Now that the image is present in our blob storage, we’ll register it.

az image create \
  --name talos \
  --source https://$STORAGE_ACCOUNT.blob.core.windows.net/$STORAGE_CONTAINER/talos-azure.vhd \
  --os-type linux \
  -g $GROUP

Network Infrastructure

Virtual Networks and Security Groups

Once the image is prepared, we’ll want to work through setting up the network. Issue the following to create a network security group and add rules to it.

# Create vnet
az network vnet create \
  --resource-group $GROUP \
  --location $LOCATION \
  --name talos-vnet \
  --subnet-name talos-subnet

# Create network security group
az network nsg create -g $GROUP -n talos-sg

# Client -> apid
az network nsg rule create \
  -g $GROUP \
  --nsg-name talos-sg \
  -n apid \
  --priority 1001 \
  --destination-port-ranges 50000 \
  --direction inbound

# Trustd
az network nsg rule create \
  -g $GROUP \
  --nsg-name talos-sg \
  -n trustd \
  --priority 1002 \
  --destination-port-ranges 50001 \
  --direction inbound

# etcd
az network nsg rule create \
  -g $GROUP \
  --nsg-name talos-sg \
  -n etcd \
  --priority 1003 \
  --destination-port-ranges 2379-2380 \
  --direction inbound

# Kubernetes API Server
az network nsg rule create \
  -g $GROUP \
  --nsg-name talos-sg \
  -n kube \
  --priority 1004 \
  --destination-port-ranges 6443 \
  --direction inbound

Load Balancer

We will create a public ip, load balancer, and a health check that we will use for our control plane.

# Create public ip
az network public-ip create \
  --resource-group $GROUP \
  --name talos-public-ip \
  --allocation-method static

# Create lb
az network lb create \
  --resource-group $GROUP \
  --name talos-lb \
  --public-ip-address talos-public-ip \
  --frontend-ip-name talos-fe \
  --backend-pool-name talos-be-pool

# Create health check
az network lb probe create \
  --resource-group $GROUP \
  --lb-name talos-lb \
  --name talos-lb-health \
  --protocol tcp \
  --port 6443

# Create lb rule for 6443
az network lb rule create \
  --resource-group $GROUP \
  --lb-name talos-lb \
  --name talos-6443 \
  --protocol tcp \
  --frontend-ip-name talos-fe \
  --frontend-port 6443 \
  --backend-pool-name talos-be-pool \
  --backend-port 6443 \
  --probe-name talos-lb-health

Network Interfaces

In Azure, we have to pre-create the NICs for our control plane so that they can be associated with our load balancer.
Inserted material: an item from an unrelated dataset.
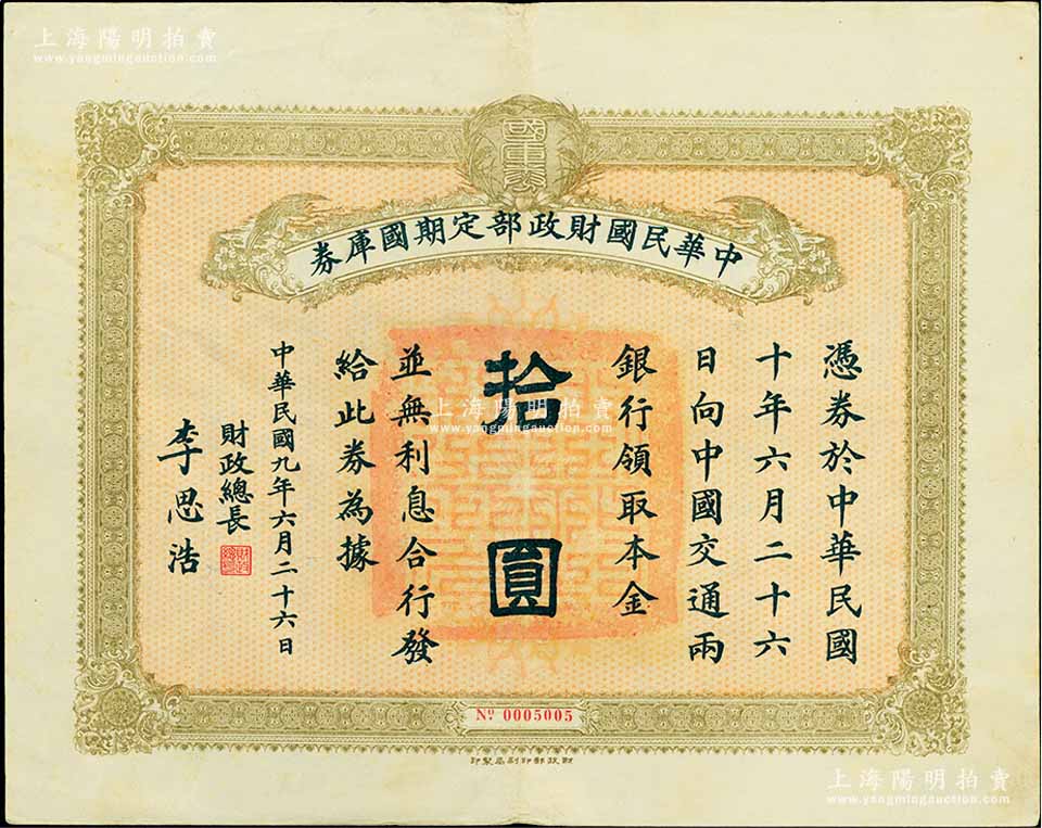 民国九年6月26日(1920年)中华民国财政部定期国库券拾圆,由财政总长李思浩(浙江慈溪人)签名,前辈藏家出品,八五成新

for i in $( seq 0 1 2 ); do
  # Create public IP for each nic
  az network public-ip create \
    --resource-group $GROUP \
    --name talos-controlplane-public-ip-$i \
    --allocation-method static


  # Create nic
  az network nic create \
    --resource-group $GROUP \
    --name talos-controlplane-nic-$i \
    --vnet-name talos-vnet \
    --subnet talos-subnet \
    --network-security-group talos-sg \
    --public-ip-address talos-controlplane-public-ip-$i\
    --lb-name talos-lb \
    --lb-address-pools talos-be-pool
done

# NOTES:
# Talos can detect PublicIPs automatically if PublicIP SKU is Basic.
# Use `--sku Basic` to set SKU to Basic.

Cluster Configuration

With our networking bits setup, we’ll fetch the IP for our load balancer and create our configuration files.

LB_PUBLIC_IP=$(az network public-ip show \
              --resource-group $GROUP \
              --name talos-public-ip \
              --query [ipAddress] \
              --output tsv)

talosctl gen config talos-k8s-azure-tutorial https://${LB_PUBLIC_IP}:6443

Compute Creation

We are now ready to create our azure nodes. Azure allows you to pass Talos machine configuration to the virtual machine at bootstrap time via user-data or custom-data methods.

Talos supports only custom-data method, machine configuration is available to the VM only on the first boot.

# Create availability set
az vm availability-set create \
  --name talos-controlplane-av-set \
  -g $GROUP

# Create the controlplane nodes
for i in $( seq 0 1 2 ); do
  az vm create \
    --name talos-controlplane-$i \
    --image talos \
    --custom-data ./controlplane.yaml \
    -g $GROUP \
    --admin-username talos \
    --generate-ssh-keys \
    --verbose \
    --boot-diagnostics-storage $STORAGE_ACCOUNT \
    --os-disk-size-gb 20 \
    --nics talos-controlplane-nic-$i \
    --availability-set talos-controlplane-av-set \
    --no-wait
done

# Create worker node
  az vm create \
    --name talos-worker-0 \
    --image talos \
    --vnet-name talos-vnet \
    --subnet talos-subnet \
    --custom-data ./worker.yaml \
    -g $GROUP \
    --admin-username talos \
    --generate-ssh-keys \
    --verbose \
    --boot-diagnostics-storage $STORAGE_ACCOUNT \
    --nsg talos-sg \
    --os-disk-size-gb 20 \
    --no-wait

# NOTES:
# `--admin-username` and `--generate-ssh-keys` are required by the az cli,
# but are not actually used by talos
# `--os-disk-size-gb` is the backing disk for Kubernetes and any workload containers
# `--boot-diagnostics-storage` is to enable console output which may be necessary
# for troubleshooting

Bootstrap Etcd

You should now be able to interact with your cluster with talosctl. We will need to discover the public IP for our first control plane node first.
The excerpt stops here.